Is Corporate Social Responsibility BS?
1 October, 2021
A recent article in the Guardian certainly thinks so. Perhaps unsurprisingly, we disagree.
The article argues that the hollowness of business commitments to responsibility is demonstrated by the backlash around President Biden’s $3.5 trillion reconciliation bill, which includes multiple provisions for progressive social and environmental change. Those criticising, and lobbying against, the bill include the esteemed corporate group, the Business Roundtable, which has been an outspoken advocate for the merits of responsible business behaviour, and espoused many of the priorities contained within the bill.
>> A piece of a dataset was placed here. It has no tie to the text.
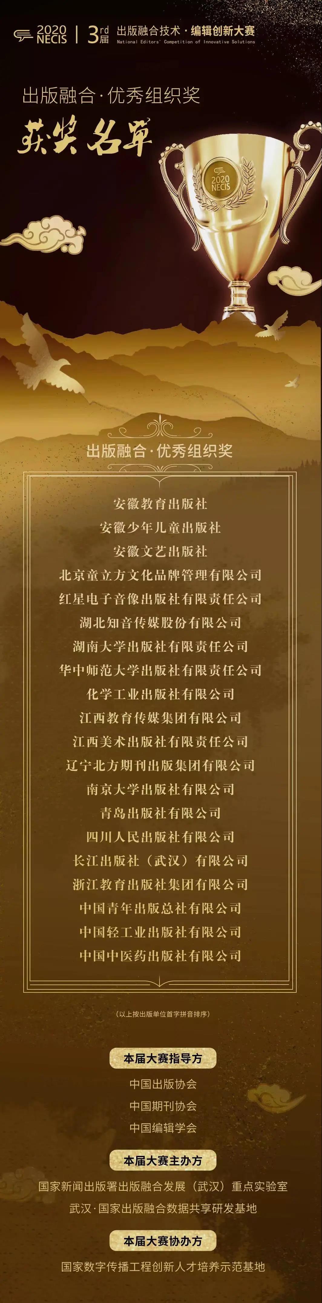 近日,中国出版协会、中国期刊协会、中国编辑学会指导,国家新闻出版署出版融合发展(武汉)重点实验室、武汉·国家出版融合数据共享研发基地主办的第三届出版融合技术·编辑创新大赛完成了四个赛季比拼,正式收官并公布获奖名单。

Robert Reich states that this is no surprise. Talk of responsibility is just that, talk, and in reality everything is as it always was – a battle for growth.
This is simplistic (as well as wrong). Who said it needed to a be a choice between growth and good? What about the idea that you can have both together, or furthermore that good drives growth?
The polarisation of the debate gets in the way of the fact that there is a place for robust debate around what taxation is spent on, and that just because there are overlaps between the US corporate sector’s stated agenda and Biden’s plans, this doesn’t automatically mean it shouldn’t challenge them.
It also ignores the multiple ways in which businesses are often uniquely placed to address fundamental social challenges through fair employment, investment in supply chains and infrastructure, and developing products and services that dismantle rather than entrench barriers and inequalities.
That’s not to say they always get it right. ‘Transformation, ‘disruption, ‘commitment’, ‘stakeholder engagement’. We’ve heard these words many times, the buzzwords and statements. Corporations make big promises to solve climate change, social inequality, human rights and many more, and it’s not always easy to see the results.
This means holding them to account is vitally important. But it doesn’t mean reverting to an old school ‘business is bad’ mantra.
Obviously if CSR (or business responsibility, or sustainability, or whatever term you choose to use) is being used to divert attention from wrongdoing then it’s BS.
But the concept at its heart – that business is part of society, not separate from it, and that its future is irrevocably tied together to the future health of the world we all love in and what its many stakeholders think of it – is anything but.
As we’ve said for 25 years – if you want to transform the world, do it through business. And if you want to transform your business, help change the world.